Among the list of reasons the NLRB cited in ruling that BFI was a joint-employer was that BFI negotiated hourly rates for Leadpoint employees and Leadpoint profit margin, that BFI dictated where and when Leadpoint employees would work, what work they would do, and how they would do it. BFI also engaged in referring specific employees for disciplinary action. The list goes on but the point is striking; does this read similar to a contract security agreement?

The effect of this ruling is that Browning Ferris is now compelled to negotiate, along with Leadpoint, a CBA with the Sanitary Truck Drivers and Helpers Local 350, International Brotherhood of Teamsters.

The WHD Misclassification Initiative

The Wage and Hour Division (WHD) of the U.S. Department of Labor (DOL) enforces the Fair Labor Standards Act (FLSA) enacted in 1938 that “establishes minimum wage, overtime pay, recordkeeping, and child labor standards affecting full-time and part-time workers in the private sector and in federal, state, and local governments.”

Misclassification refers to the practice, intentional or unintentional, of improperly classifying certain employees as exempt from overtime pay or as independent contractors (ICs). The principal advantages of using ICs is to avoid hiring full-time employees, paying overtime wages, employment taxes, and providing benefits.

The WHD Misclassification Initiative pre-dates the NLRB joint-employer ruling by several years. It originated in the early years of the Obama administration when, in 2009, Vice-President Joe Biden took charge of the “Middle-Class Task Force,” ostensibly to raise the living standard of middle-class Americans.

About the same time as the Task Force initiative got going, the IRS Tax Inspector General for Tax Administration (TIGTA) revealed that there was a Tax Gap, the difference between what American workers earned and the amount of taxes they paid on their earnings. The TIGTA could not say how large the tax gap was other than he thought it was big, and in the billions of dollars. That prompted a study of 6,000 businesses with the hope of getting some better numbers about the actual size of the gap.

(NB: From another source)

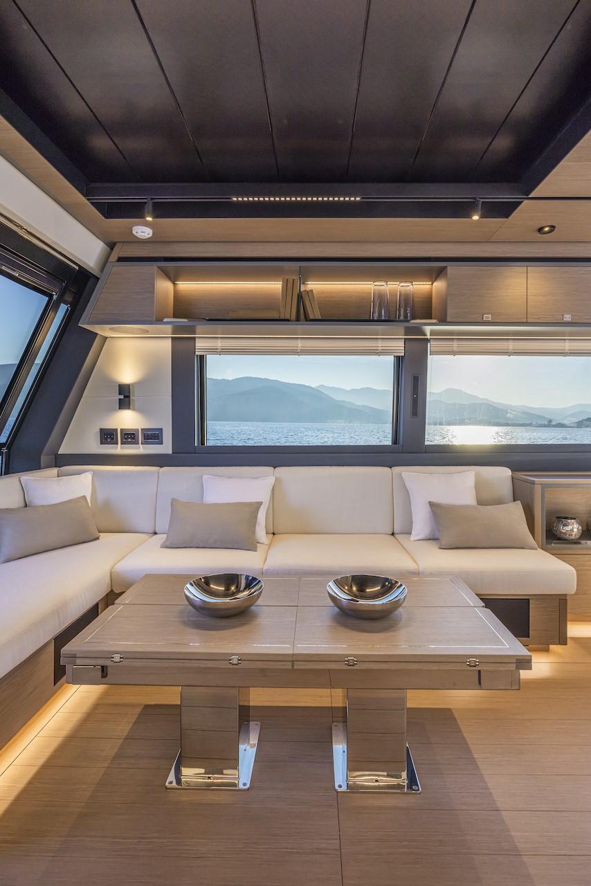 La conception de l'intérieur, ainsi que de l'extérieur, a été confiée une fois de plus à Nauta Design, maître dans l'art de savoir entrelacer le raffinement de l'ameublement et l'efficacité de la distribution de l'espace. Toujours pour le GT75, l'élégant aménagement intérieur est disponible en version cuisine haute ou cuisine basse, permettant au propriétaire de vivre le bateau de manière plus conviviale ou plus privée.

The WHD did not wait for the TIGTA to complete the study before springing into action. It knew that part of the tax gap resulted from the growing use of ICs and other workers engaged in what are commonly referred to as “on demand,” or “contingent” work, and the “gig economy.”

Congress tried to pass laws to stop supposed IC misclassification but failed. Not deterred, the WHD went on the investigatory and enforcement warpath. To the WHD, new laws would make it easier to enforce wage and hour rules, but it already had plenty of regulatory tools and power to bring wage and hour violators to bear. Moreover, as illustrated later, the WHD has the authority to interpret the rules and regulations needed to beat down the best defenses used by companies that employ ICs.

Companies that misclassify employees as ICs face substantial fines and penalties, payment of overtime and back wages, taxes on those wages, and certain other employee benefits payments such as worker compensation, unemployment taxes, health care premiums and expenses, and more, such as being barred from federal contracts. Additionally, workers previously employed as ICs must thereafter, be treated as employees in the jobs that resulted in the enforcement action. That rule would apply to current workers and future hires.

Moreover, just as in the case of the NLRB, the WHD can attach a joint-employer designation to client companies in wage and hour cases. If that happens in a WHD enforcement action, the client is also on the hook for all the financial liability that resulted from a contractor’s wage and hour violation.

If that were not enough exposure to cause major financial and employment problems, the DOL and the Internal Revenue Service (IRS) along with more than 20 of the states have written agreements to share information. Violators face as much risk from state labor agencies as they do from federal agencies. An action by one agency is likely to trigger an action from others. Employers would be wise also to assume that the WHD and the NLRB are also talking to each other and sharing notes. Remember too, part of the NLRB mission is to “encourage” collective bargaining, so it is a safe bet that the NLRB is sharing information with unions.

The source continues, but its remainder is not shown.